Problem:
Every entry below should appear in the answer exactly as written, apart from the pictures.

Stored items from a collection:
Start of Block

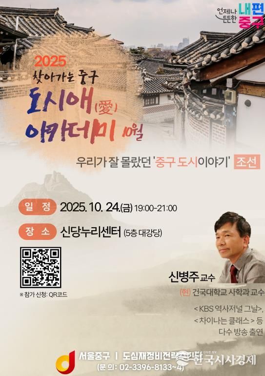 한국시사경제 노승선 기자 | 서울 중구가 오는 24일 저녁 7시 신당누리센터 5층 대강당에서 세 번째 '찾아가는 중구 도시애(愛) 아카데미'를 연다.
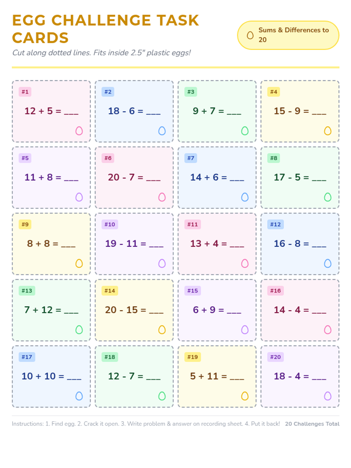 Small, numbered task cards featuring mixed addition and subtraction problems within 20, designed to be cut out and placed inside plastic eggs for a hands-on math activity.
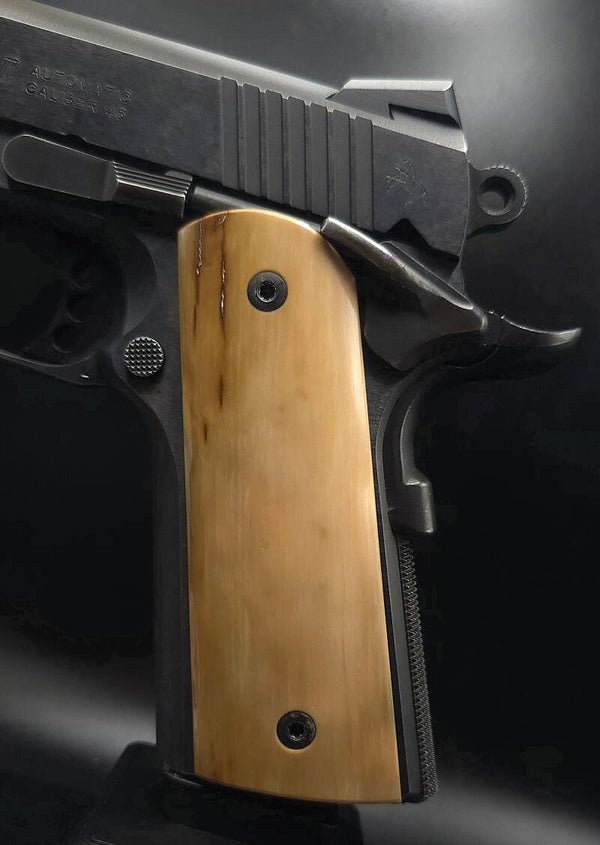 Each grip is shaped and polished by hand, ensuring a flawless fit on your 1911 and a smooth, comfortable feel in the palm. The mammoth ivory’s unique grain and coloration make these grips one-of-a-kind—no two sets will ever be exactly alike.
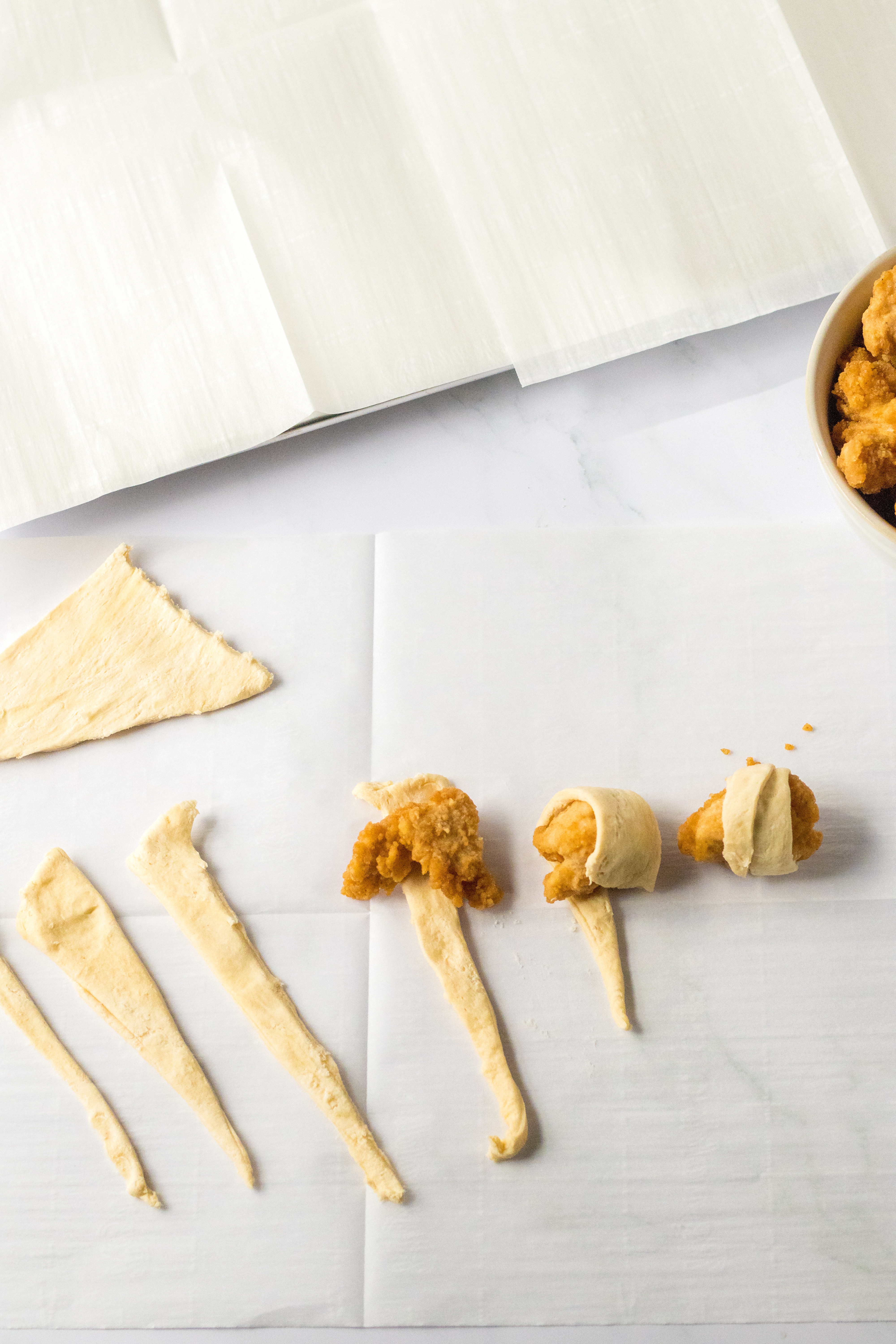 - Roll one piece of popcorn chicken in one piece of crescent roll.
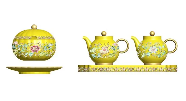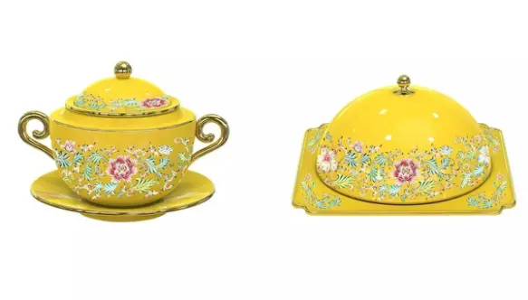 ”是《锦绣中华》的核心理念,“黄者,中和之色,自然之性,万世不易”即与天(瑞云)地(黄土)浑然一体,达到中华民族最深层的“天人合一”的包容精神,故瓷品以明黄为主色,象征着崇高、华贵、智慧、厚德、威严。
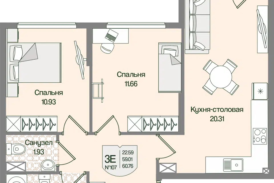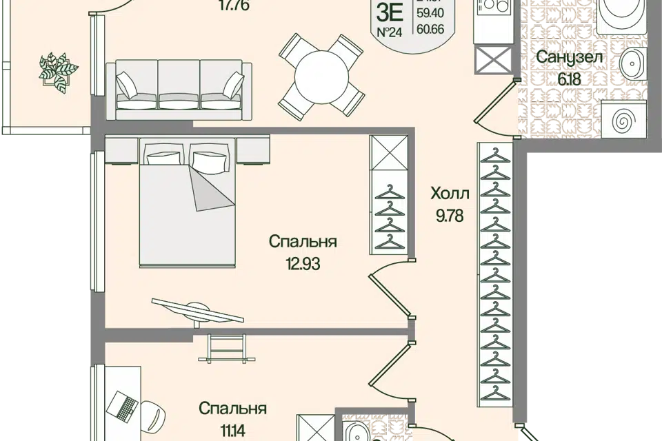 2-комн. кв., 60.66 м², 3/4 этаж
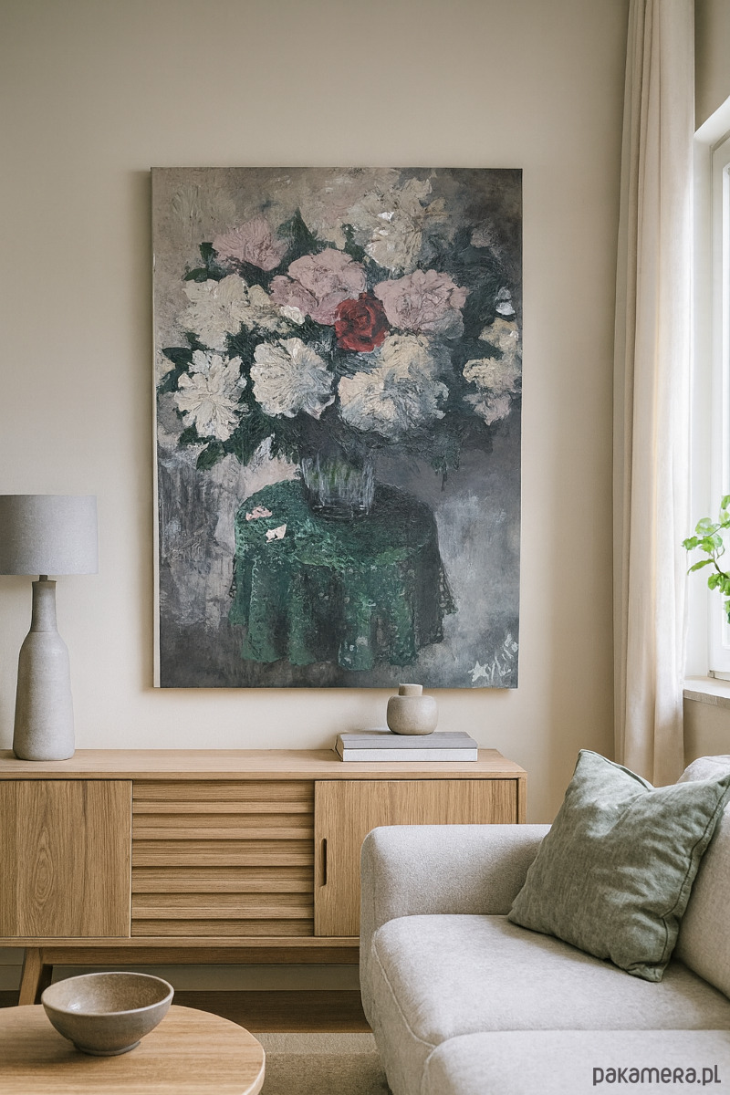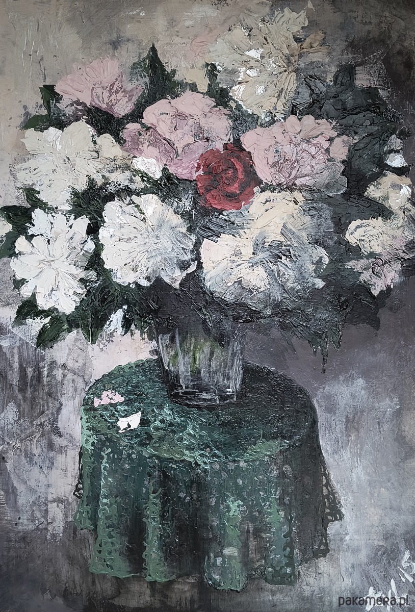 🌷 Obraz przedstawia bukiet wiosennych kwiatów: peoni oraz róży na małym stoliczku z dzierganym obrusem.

End of Block

Your solution:
 한국시사경제 노승선 기자 | 서울 중구가 오는 24일 저녁 7시 신당누리센터 5층 대강당에서 세 번째 '찾아가는 중구 도시애(愛) 아카데미'를 연다.
 Small, numbered task cards featuring mixed addition and subtraction problems within 20, designed to be cut out and placed inside plastic eggs for a hands-on math activity.
 Each grip is shaped and polished by hand, ensuring a flawless fit on your 1911 and a smooth, comfortable feel in the palm. The mammoth ivory’s unique grain and coloration make these grips one-of-a-kind—no two sets will ever be exactly alike.
 - Roll one piece of popcorn chicken in one piece of crescent roll.
 ”是《锦绣中华》的核心理念,“黄者,中和之色,自然之性,万世不易”即与天(瑞云)地(黄土)浑然一体,达到中华民族最深层的“天人合一”的包容精神,故瓷品以明黄为主色,象征着崇高、华贵、智慧、厚德、威严。
 2-комн. кв., 60.66 м², 3/4 этаж
 🌷 Obraz przedstawia bukiet wiosennych kwiatów: peoni oraz róży na małym stoliczku z dzierganym obrusem.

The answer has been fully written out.